The figure of “5 million” circulates widely in Ambedkarite and Buddhist revivalist social media networks. I have observed this figure in multiple posts across platforms but cannot trace its precise origin, nor find it in any ancient source. What is clear is that the rhetorical scale of the alleged persecution has expanded dramatically in modern retellings, bearing no relationship to the primary sources.
Here, the Buddhist texts are treated as reliable historical sources, with Tāranātha’s later repetition taken as corroboration. Countervailing evidence, archaeological continuity at Buddhist sites, the geographical distance of the Mahāvaṃsa, the late and hagiographical nature of the sources, is minimized or reinterpreted as evidence of the thoroughness of the persecution. The absence of evidence becomes evidence of absence: the fact that no Buddhist text from the period mentions persecution is taken to show that the persecution was so successful that it silenced all witnesses (Rao 2009, 45-52).
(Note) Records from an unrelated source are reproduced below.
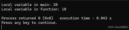 std::cout << "Local variable in function: " << localVar << std::endl;
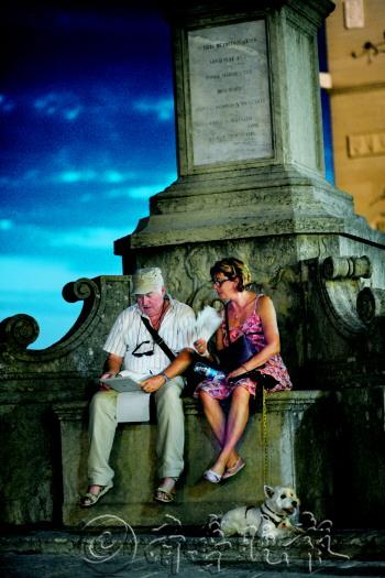 | ▲疏懒的少女手拿扇子望着门外,不知是什么吸引了她的目光。 |  | ▲一名中年男子坐在自家店铺里若有所思,充分享受属于自己的时光。 |  | ▲一位老人走出家门在路边喝杯咖啡看看杂志,生活可以慢慢地去品味。 |  | ◥夜幕下,一对出门遛狗的老年夫妇在广场雕塑下休息。 |  | ◥正式的音乐会看上去却像朋友间的party,处处洋溢着轻松愉悦的气氛。 |
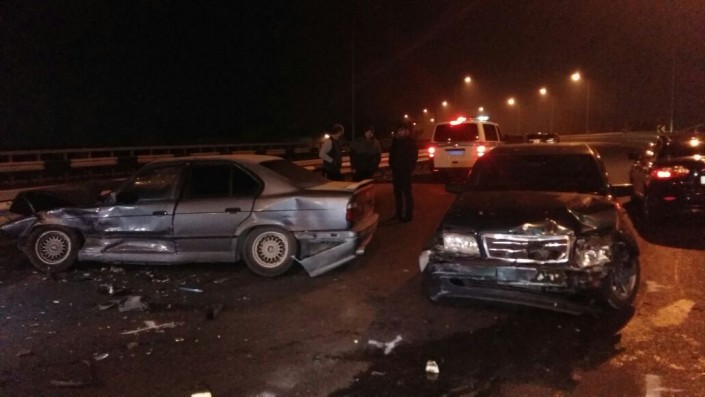 Тем временем Volkswagen Polo поднимался на юг по этому же мосту и столкнулся с BMW. Уже намного позже, на глазах присутствующих, в BMW на скорости врезается Mercedes-Benz. По предварительной версии, ДТП произошло из-за гололеда на дороге.

Shared Methods, Opposite Conclusions
Despite their opposition, both narratives share key methodological features:
| Feature | Hindutva Use | Ambedkarite Use |
| Selective sourcing | Privileges Harshacharita, Purāṇas; dismisses Buddhist sources | Privileges Buddhist sources; dismisses Harshacharita, Purāṇas |
| Genre flattening | Treats court poetry as history | Treats moral tales as history |
| Suppression of ambiguity | Presents absence of evidence as proof of innocence | Presents absence of evidence as proof of thorough persecution |
| Personalization of process | Reduces complex political transition to individual heroism | Reduces complex political transition to individual villainy |
In each case, the past is rendered legible through the figure of a king who embodies virtue or vice. The actual historical Pushyamitra, a regional elite who won a power struggle, whose actual policies we cannot reconstruct with confidence, is too banal to fit either narrative.
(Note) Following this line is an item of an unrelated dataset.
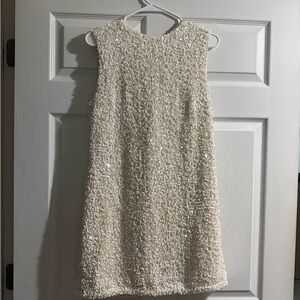 Elegant cream mini dress. Features shimmering sequins. Perfect for special occasions.

Theoretical Interlude: Trouillot and the Production of the Unthinkable
The persistence of these competing narratives can be illuminated through the work of Michel-Rolph Trouillot, the Haitian anthropologist and historian. In Silencing the Past (1995), Trouillot argued that historical production involves not only the silencing of certain events but also the structuring of what can be meaningfully said. Some events become “unthinkable,” not because they are erased by conspiracy, but because they do not fit the available narrative forms (Trouillot 1995, 70-76, 106-110).
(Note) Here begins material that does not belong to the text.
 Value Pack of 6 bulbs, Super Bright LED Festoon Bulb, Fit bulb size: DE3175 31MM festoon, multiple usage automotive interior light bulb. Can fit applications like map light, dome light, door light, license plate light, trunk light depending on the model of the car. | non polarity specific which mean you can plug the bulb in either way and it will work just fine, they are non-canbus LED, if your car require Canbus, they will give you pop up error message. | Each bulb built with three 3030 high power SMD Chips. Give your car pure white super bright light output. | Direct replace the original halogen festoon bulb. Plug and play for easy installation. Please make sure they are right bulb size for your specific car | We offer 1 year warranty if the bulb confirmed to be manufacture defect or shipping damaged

In this case, Pushyamitra is not silenced. He is overproduced. His figure is saturated with meanings that exceed the available evidence. The “unthinkable” here is not a hidden event but a form of historical banality. A routine military coup by a regional elite, plausible, even likely, given the political instability of the post-Mauryan period, does not lend itself easily to contemporary ideological narratives. It lacks the moral clarity and symbolic resonance required for mobilization. As a result, it is displaced by more dramatic reconstructions (Trouillot 1995, 82-85).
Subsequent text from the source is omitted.